Good Wife winner Julianna Margulies is taking advantage of a feature that 'til now we'd never noticed at the SAG Awards: a statue-holder! (Now, express yourself to the press with two free hands, while the statue-holder does the rest!) 

PHOTOS: 2011 SAG Awards: Twitpics!

Melissa Leo's a cool customer this awards season. She's also a fantastic movie critic. When asked for the secret to The Fighter's success, Leo lays it on us: "It's a great f--kin' movie!"

• We were right about the statue-holder: It is a must-have! The Modern Family folks are fighting over it! ("Hey, why you put yours there?" Vergara asks Eric Stonestreet. "'Cause it's heavy," he shoots back.)

• For the record, the statue-holder can only hold one statue at a time; Vergara and Stonestreet were bantering, not fighting; and, in any case, Stonestreet manned up, and ended up holding his own award just like everybody else.

• When Vergara reveals she employs a stylist because "sometimes it's not so easy to dress my [something-something we can't quite hear]," Stonestreet seems to sense reporters didn't quite get the last part. So, he translates repeats, "her Golden Globes."

• If the end of the telecast felt rushed, it's because it was. We could hear the PA announcer repeatedly remind attendees that the show was running long, and longer, and, finally, that it "was in trouble."

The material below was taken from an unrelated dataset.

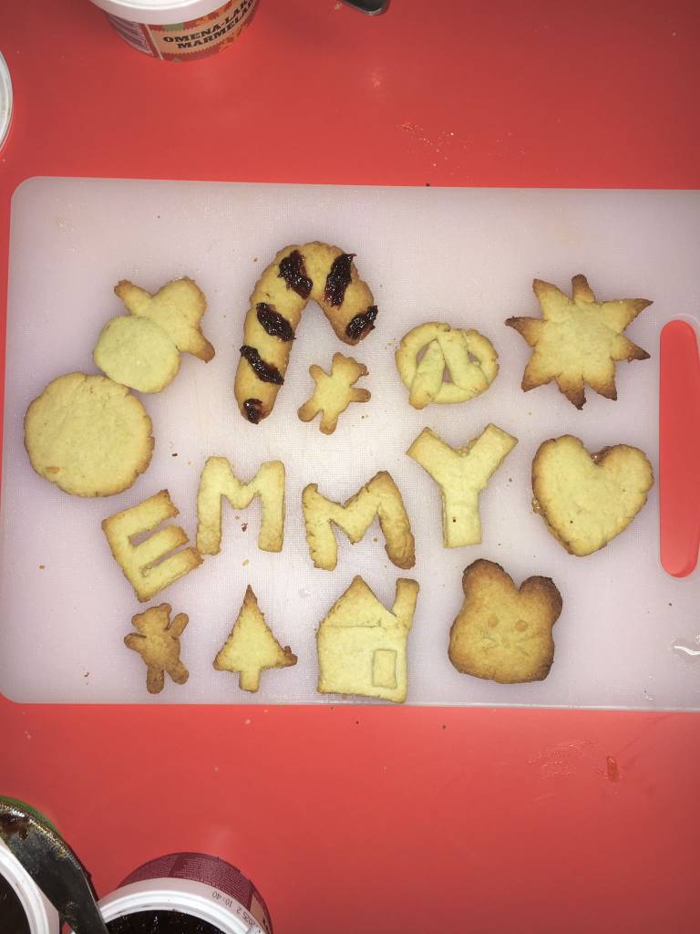 Today, it snowed in Tampere, so what better activity than something Christmas-related? We met at Emese’s place to bake Christmas cookies. We started by cutting the dough into shapes like stars, snowmen, candy canes, and more. While I kept my designs classic, Minju impressed us with her artistic talent, making shapes like envelopes, bow ties, and even Santa Claus!

6:45 p.m.: You know what awards-show fatigue is? The extremely press-accommodating (and repeatedly honored) Claire Danes enters the room, and you think, "Again?"

• The telecast wasn't the only thing that was rushed. Here's how the "press conference" began for Ernest Borgnine, he of the 94 years of living experience, the 60 years of acting experience and the SAG's Lifetime Achievement Award, began: It began with a flack telling the room-full of reporters, "Two questions." 

• Encouraged to not ask much of anything, nobody asks much of anything. Borgnine, who seems up for far more than two questions, looks out over the (quiet) room: "Are you sure we're not making too much noise?"

• The Golden Globes must serve better drinks spirit. Christian Bale, for instance, is in a fine mood (he even thanks The Fighter's editor for "picking all the good takes"), but he's nowhere near as slap-happy as he was two weeks ago.

• Maybe Bale's partied out, as in birthday-partied out? It just so happens he turned 37 today. "This is gravy," he says of his latest awards-season acquisition.

• So, Batman to Superman, what is Bale's reaction to Henry Cavill's casting in the Christopher Nolan-produced Man of Steel movie? None. He stares kinda blankly at a reporter for a beat or two, clearly having never, ever heard of Cavill. Finally, he summons a blurb you can be assured will not appear on a DVD box anytime soon, "Well done for whoever you mentioned."

• Being an Oscar frontrunner agrees with Colin Firth, who is looking quite tan by pre-Jersey Shore standards.

• Firth's back here for his big win, and his movie's big win. The King's Speech cast is, as you might imagine, rocking the house. (In their understated British way, of course.)

• Why is The King's Speech such a rockin' movie? Because, Firth explains, it's got a lot of rockin' reaction shots in it: "It's his face looking at her face, looking at his face...It's watching other people watch other people."

• Is it wrong to admit you liked Leo's review of The Fighter better?

• By the way, we never did get to see Betty White or Natalie Portman back here. Some people will do anything, we guess, to avoid being asked about the new Superman dude.